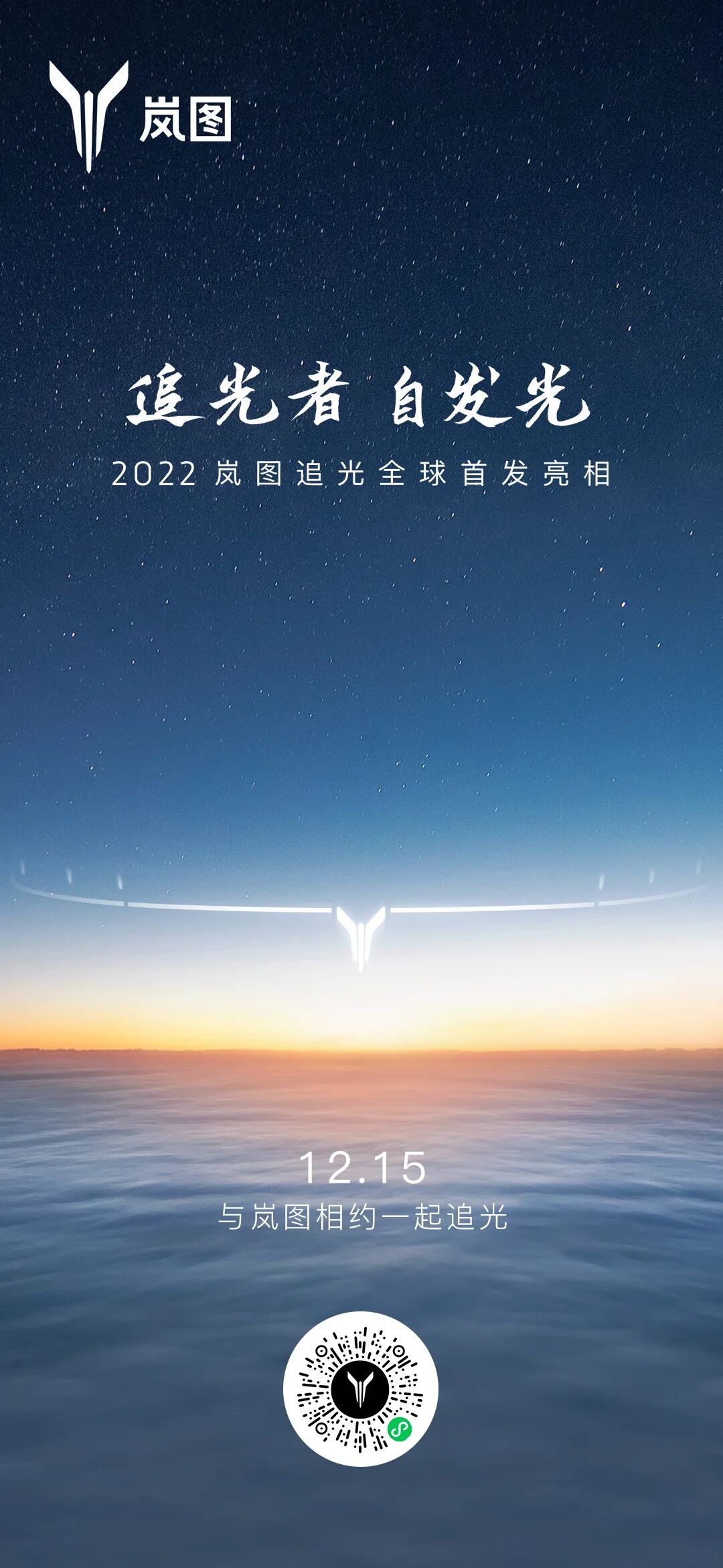 近日,岚图汽车官方宣布,岚图追光将于 12 月 15 日全球首发亮相。
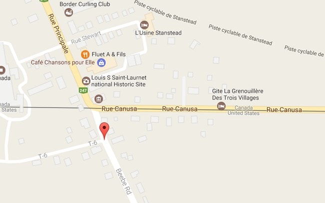 Từ cảng nhập cảnh của Cơ quan Dịch vụ Biên giới Canada, ngôi nhà của ông bà DuMoulin nằm đối diện với đường Rue Principale (Stanstead) và liền kề bưu điện Cục Hải quan và Biên phòng Hoa Kỳ.
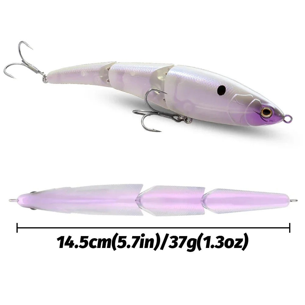 Diseñado con un cuerpo multiarticulado de 3 segmentos, el señuelo de pesca TRUSCEND puede hundirse lentamente y moverse de manera flexible en el agua.Además, las acciones de natación realistas hacen que atraiga más capturas y provoque a los peces depredadores a atacar.
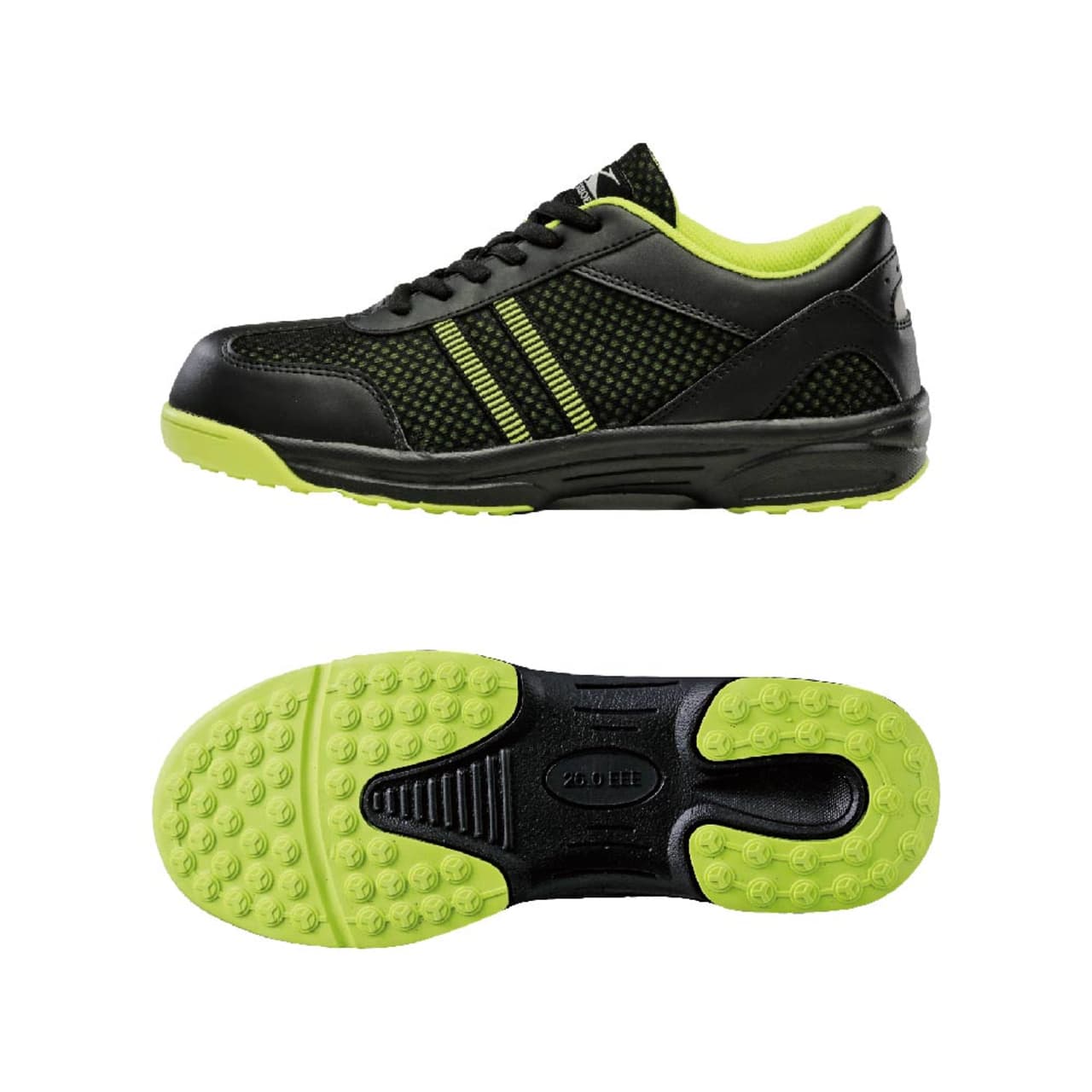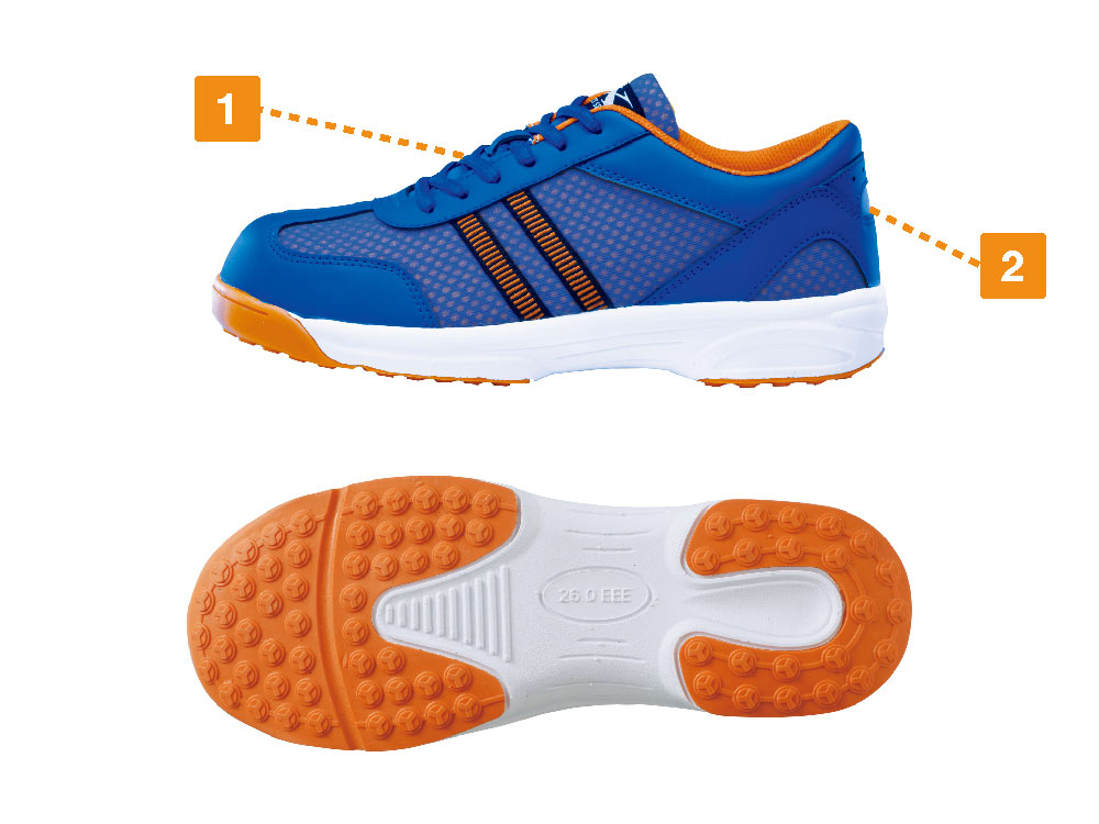 両足で560g(26.0cmモデル)という軽さを誇る、スタイリッシュ安全靴です。軽さの秘密は、軽量のミッドソール。高いクッション性を備える軽量EVA素材を使用したミッドソールが、足へのダメージを低減しつつ軽やかなフットワークを実現します。さらに、アッパーにはメッシュ素材を使用することで、合皮と比較してより軽量に。通気性をプラスし、足の中の蒸れを常に外部に排出してくれます。こだわりの機能を備えつつ、お求めやすい価格で、コストパフォーマンスの高さでも選ばれているシューズです。
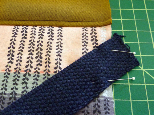 - Place the end of one strap 3″ up from the bottom raw edge of the base panel, which equates to about 1″ above the top seam of the accent panel. Angle the end of the strap as shown below in the photo so a triangle of the strap extends beyond the raw edge of the exterior panel. Before pinning, do a quick check to make sure there are no twists in your strap. Pin the strap end in place.
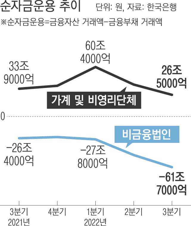 반면 기업들은 차입이 크게 늘어 순자금조달 규모가 통계를 집계한 이래 최대 규모인 61조7000억원에 달했다.
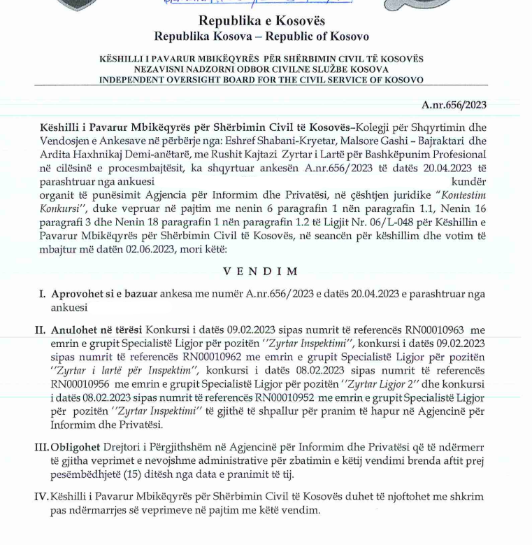 Këshilli i Pavarur Mbikëqyrës për Shërbimin Civil të Kosovës (KPMShCK) ka anuluar një konkurs të Agjencinë për Informim dhe Privatësi.
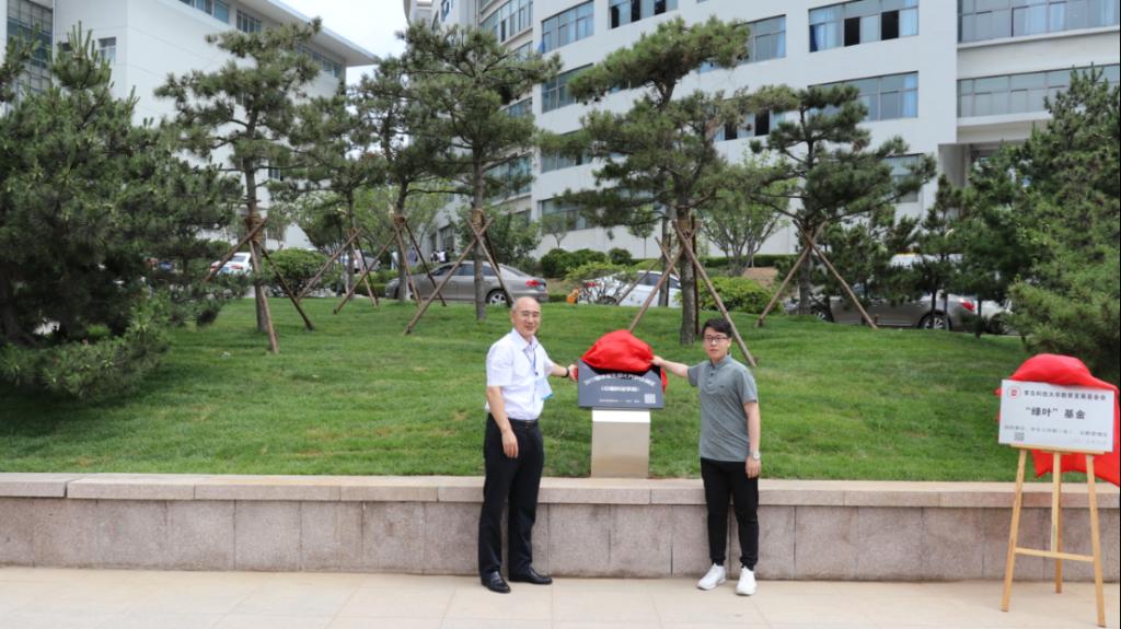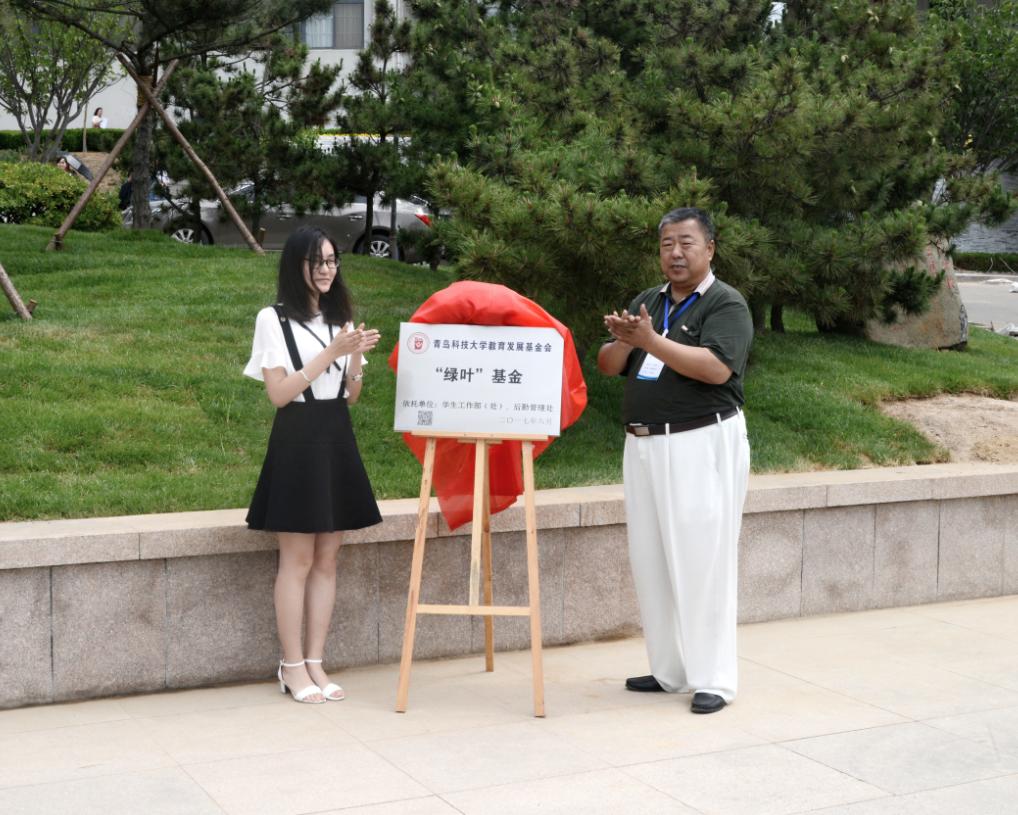 张元利与毕业生代表共同为“绿叶”基金揭牌,陈克正与毕业生代表共同为2017届毕业生绿化养护认领区揭牌。
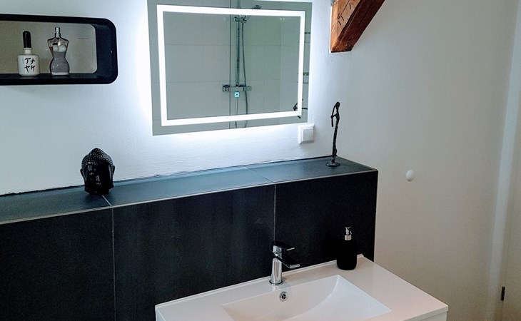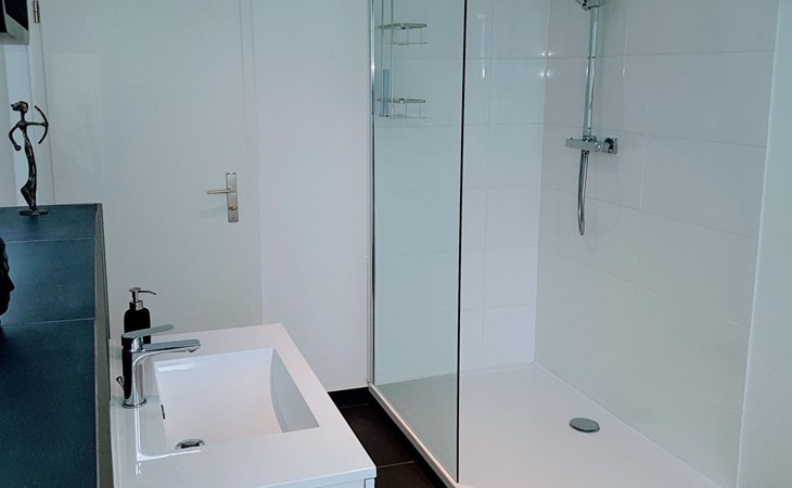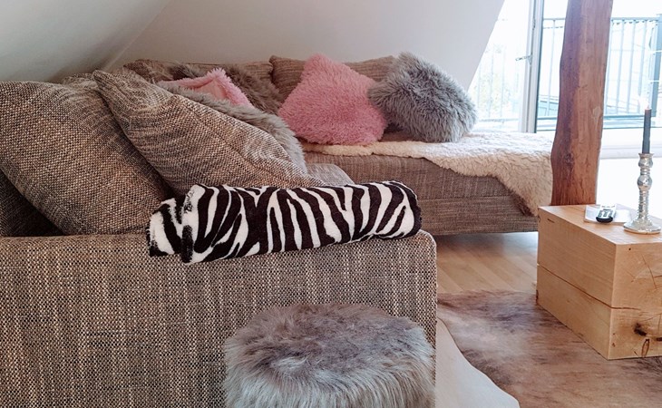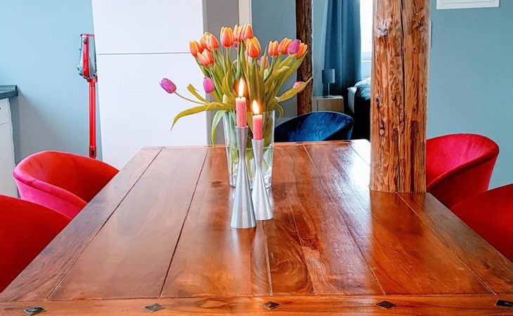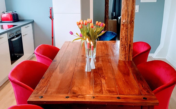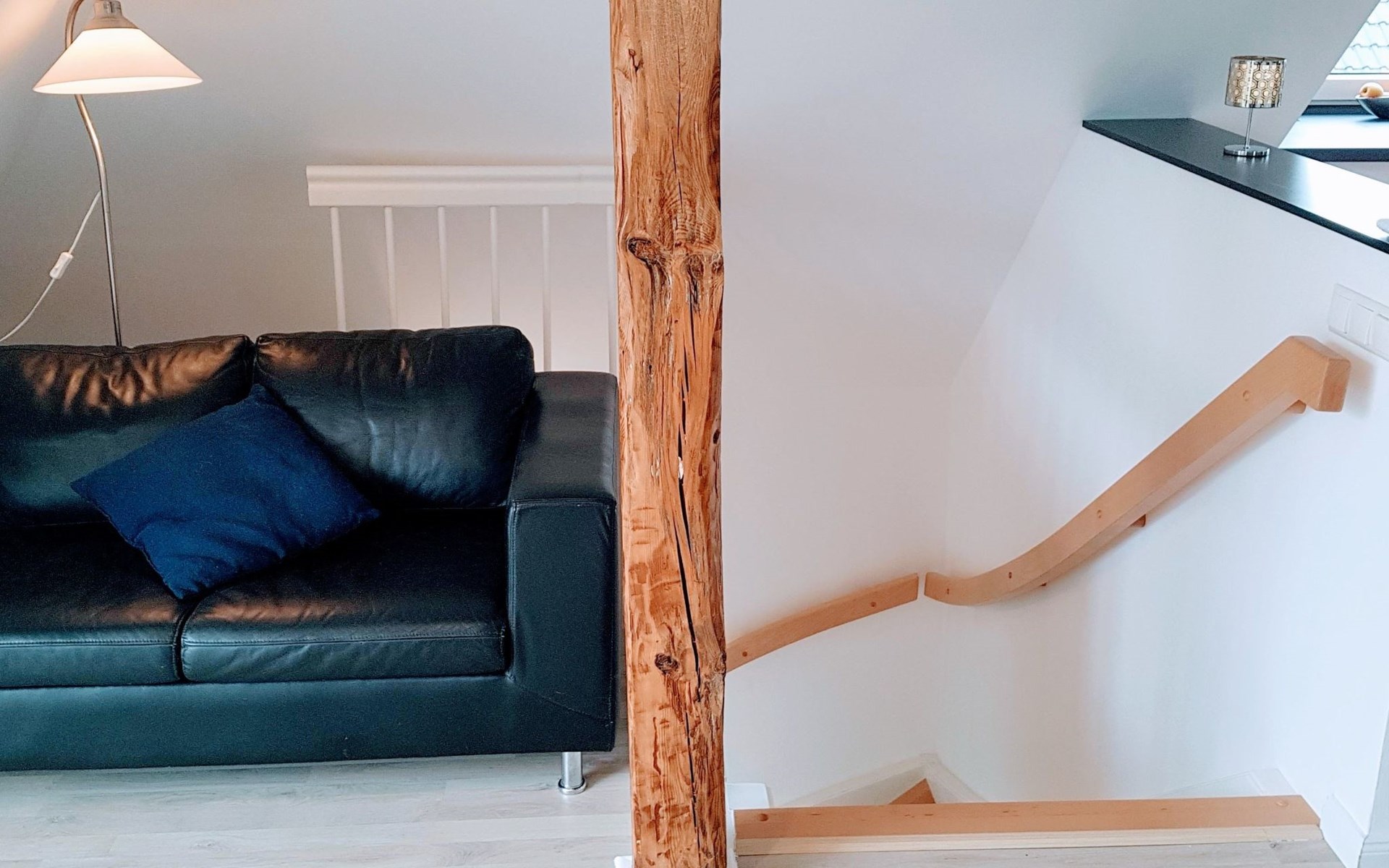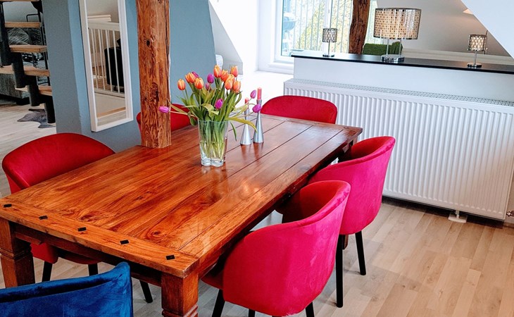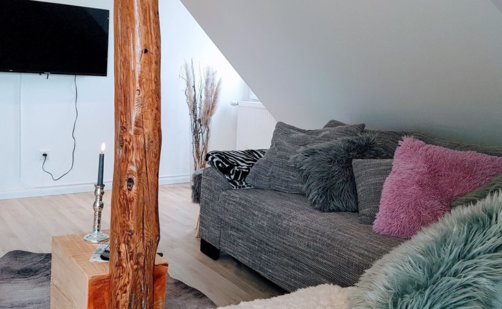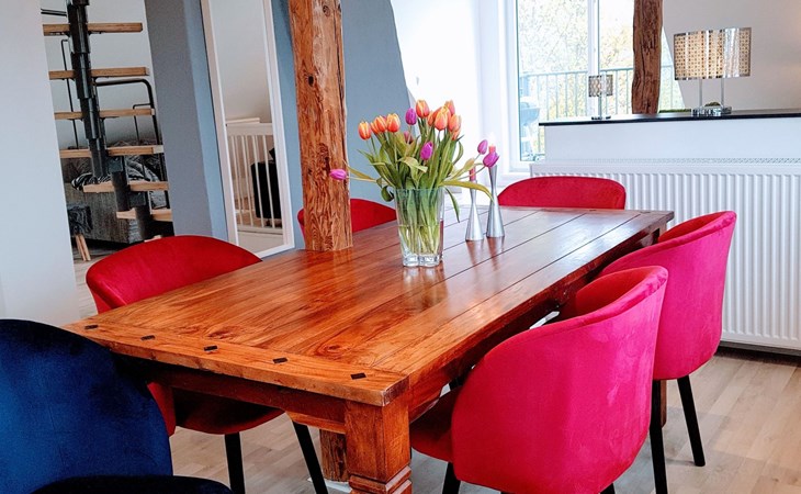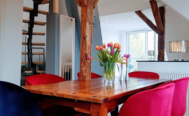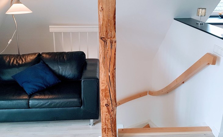 View over Sykeopen beams with modern elements and the latest technologycomfortable box-spring bed, futon in the loft's atticopen kitchen with high-quality dining area and cosy living arealarge, bright bathroom with open shower
────────────────
▸ ASSIGNMENT:
Every line from the one with "- Place the" through the one with "Këshilli i Pavarur" is to be reproduced exactly as written above, and the pictures are to be dropped.

▸ RESULT:
 - Place the end of one strap 3″ up from the bottom raw edge of the base panel, which equates to about 1″ above the top seam of the accent panel. Angle the end of the strap as shown below in the photo so a triangle of the strap extends beyond the raw edge of the exterior panel. Before pinning, do a quick check to make sure there are no twists in your strap. Pin the strap end in place.
 반면 기업들은 차입이 크게 늘어 순자금조달 규모가 통계를 집계한 이래 최대 규모인 61조7000억원에 달했다.
 Këshilli i Pavarur Mbikëqyrës për Shërbimin Civil të Kosovës (KPMShCK) ka anuluar një konkurs të Agjencinë për Informim dhe Privatësi.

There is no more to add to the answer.